Wednesday, September 17, 2025

Therapist cheers up staff, patients with his guitar at Mexico City Covid ward

They say that laughter is the best medicine, but in Mexico City’s Juárez Hospital, psychologist Javier Coss is using the power of his guitar to serenade patients, doctors, and staff in the Covid-19 ward with classic songs to reduce stress levels.

“I carry my guitar with me, and I play music for the doctors, for the nurses, for the patients in the hallway because it’s a way in which I can … change the tense atmosphere, and if possible, give them a moment of contemplation.”

Coss’s song selection varies from Cuban singer-songwriter Silvio Rodríguez to the international pop-rock band Caifanes. Staff apparently appreciate the value of his music therapy: at one point, he said, a nurse asked to borrow his guitar so she could play a song while Coss sang along, “so that she could just ease her stress a bit and connect with herself,” he said. 

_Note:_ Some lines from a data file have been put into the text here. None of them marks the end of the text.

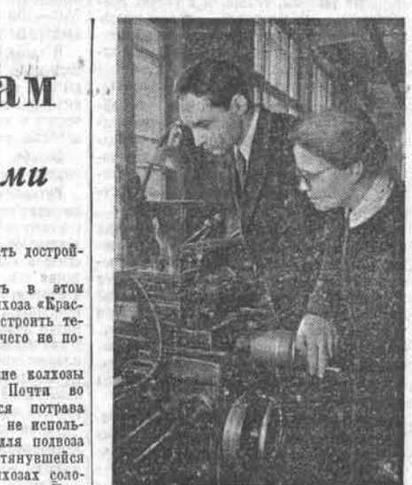
Москва. Всесоюзный научно-исследовательский инструментальный институт разработал ряд новых конструкций резов с механическим креплением...

Онгуае недооценивают идеологическую работу (2 стр.) БОЛЬШЕ ЛЕСА РОДИНЕ! П. Кривенко. — Годовой план лесозаготовок будет выполнен досрочно (2 стр.) В ПОМОЩЬ ПРОПАГАНДИСТУ. В. Доброезерова. — О формах и методах работы в кружках повышеного типа (2 и 3 стр.) И. Ашихин. — Неуклонно повышать культуру земледелия в Кулунде (3 стр.) НОВОЕ В СЕЛЬСКОХОЗЯЙСТВЕННОЙ ПРАКТИКЕ. П. Куфель. — Приспособление для очистки овса от овсюга (3 стр.)
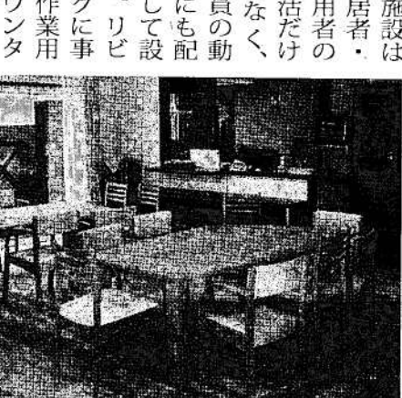
キッチンに境をユニットを配置

「当然りを考慮し、中庭を囲むように建設。通りから小規模多機能のリビングと、地域交流スペースの様子が見える」
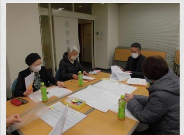
↑ 地域助けあい事業 (助けあい見守り会議)
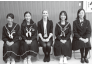
ジャッキー(中央)と派遣された中学生
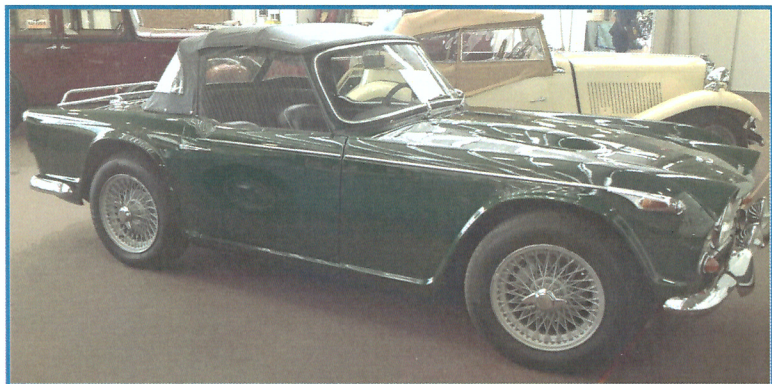
TRIUMPH TR4 IRS ANNO 1965 2000 cc 4 CILINDRI
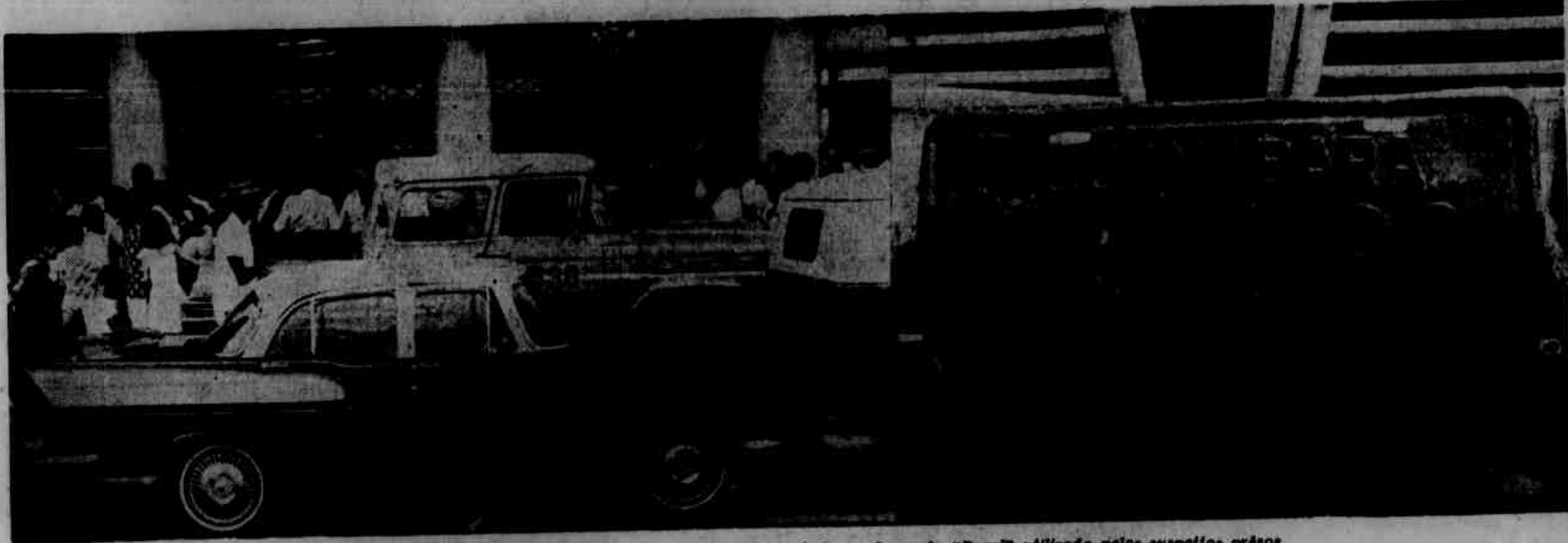
A sorveteria onde ocorreu o covarde crime, tendo-se, ao lado, a chapa da "Rural" utilizada pelos suspeitos presos.
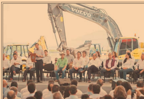
EL PRESIDENTE Peña Nieto hizo entrega de infraestructura carretera en Michoacán. P76-77
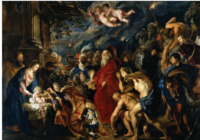
Figura 2. La adoración

Fuente: Pedro Pablo Rubens, “La adoración”, 1629, óleo sobre lienzo, 355,5 x 493 cm.
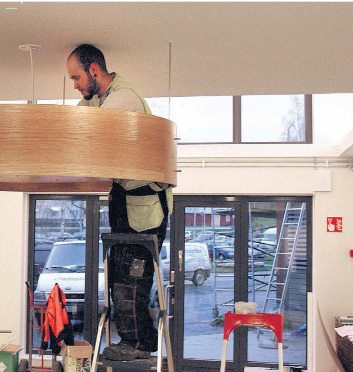
ias konststuderande som har designat lampan och även många andra inredningsdetaljer i Solängen.

mängder på handtagen till de 16 rummen i det nya t är ett tydligt tecken på att allt snart är klart.
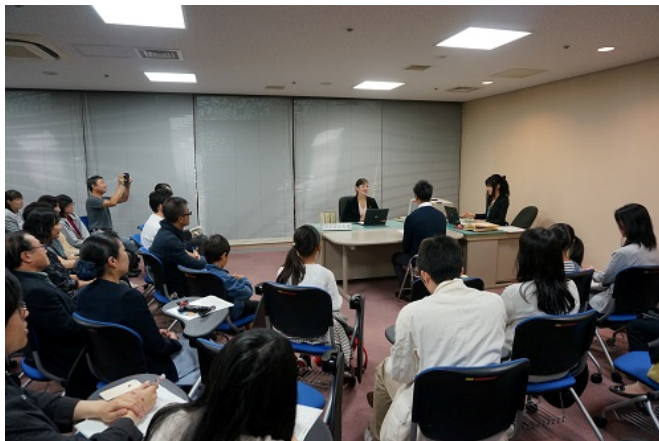
模擬取調べ実演の様子

本物の検察官と検察事務官が模擬取調べを実演しました。 被疑者が罪を認めるまでのやりとりを、皆さん真剣に見入っていました。
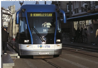
Photo 4 : arrêt et voie de tram ombrières, en cours d'usure avancée
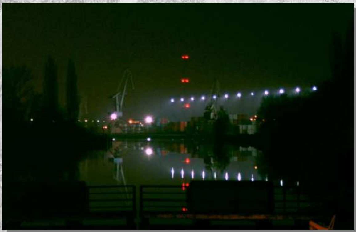
Na zdj.: Gliwicki port nocą.
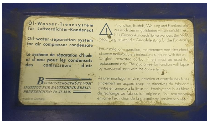
Etikette på olieudskilleranlægget
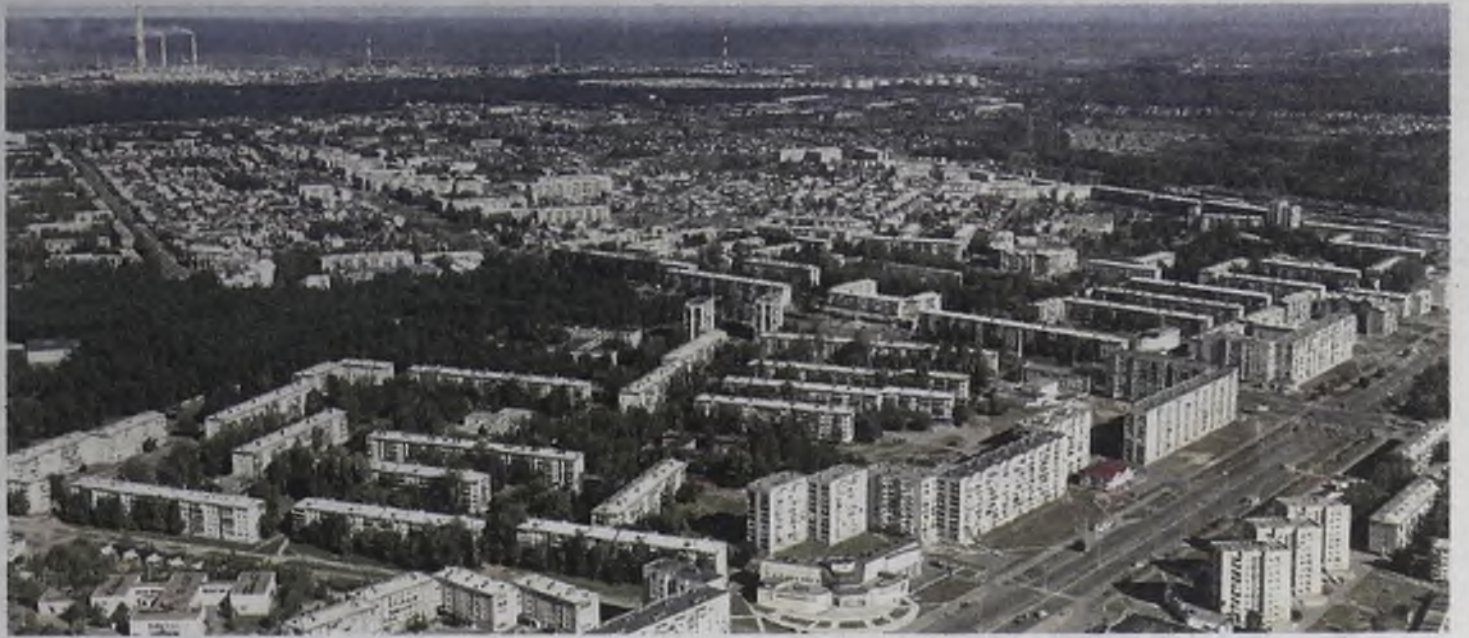
7 а микрорайон с высоты птичьего полета. Съемка с дельтаплана

Coss, part of a team of psychologists assisting the staff and patients with psychological counseling, has worked at the hospital for three years. In addition to providing therapeutic assistance and music performances, he and his team also manage patients’ communication with their families via videoconferencing calls. He sees it all as part of a package of strategies to keep patients’ motivation up as they try to recover from an illness that isolates them from everyone.

“We have to achieve this emotional closeness with the patients because somehow or other we must keep them motivated,” he said.

A hospital worker listens as Coss entertains staff and patients.
A hospital worker listens as Coss entertains staff and patients.

Hospital Juárez is one of the nation’s biggest hospitals. On a daily basis, it attends to hundreds of Covid-19 patients. Despite having seen a recent decrease in coronavirus patients, the medical and administrative staff have been working through Mexico City’s worst pandemic and many are suffering from chronic stress and burnout.

Coss himself is not immune. When he began working in the Covid-19 ward, he was scared. He had to completely change the way he dressed and wear gloves, two or three layers of masks, and a shield. Outside of work he has had to change his socialization patterns — not seeing his parents and reducing his interactions with his children. But once he felt he could safely enter the ward with adequate protection, he began to lose his fear.

He says he now feels proud to be working at the hospital because it’s made him realize the importance and interconnectedness of each of the hospital’s departments. Before the pandemic, he said, he thought of all the staff as being in their own isolated spheres doing their own tasks but all are in fact connected and integrated.